====== Available data ======

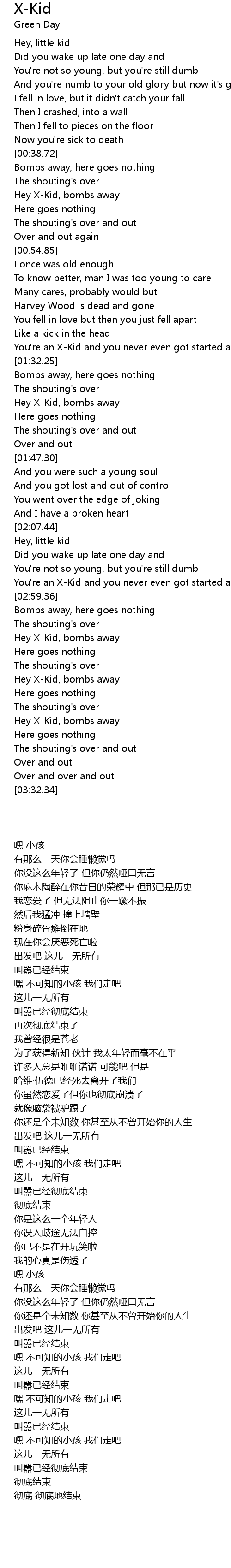 | [02:52.45] | You're an X-Kid and you never even got started again |
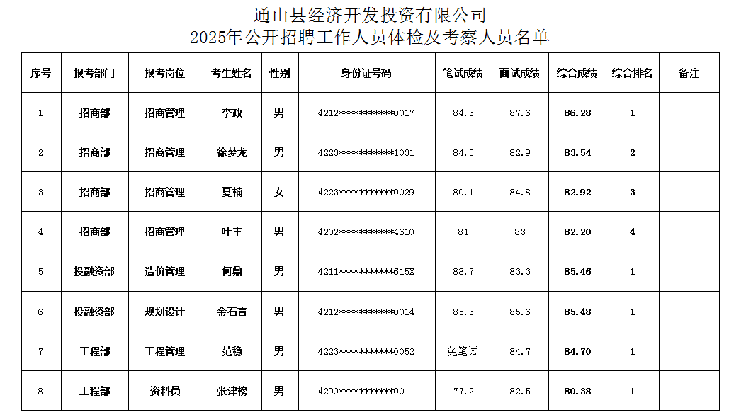 1.通山县经济开发投资有限公司2025年公开招聘工作人员体检及考察人员名单
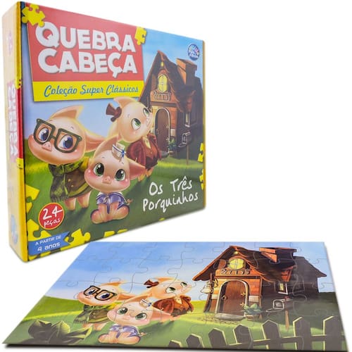 Quebra Cabeça Os 3 Porquinhos 24 Peças - Pais e Filhos

======

■ Problem:
The data above are to be repeated word for word, with any pictures left out.

■ Your response:
 | [02:52.45] | You're an X-Kid and you never even got started again |
 1.通山县经济开发投资有限公司2025年公开招聘工作人员体检及考察人员名单
 Quebra Cabeça Os 3 Porquinhos 24 Peças - Pais e Filhos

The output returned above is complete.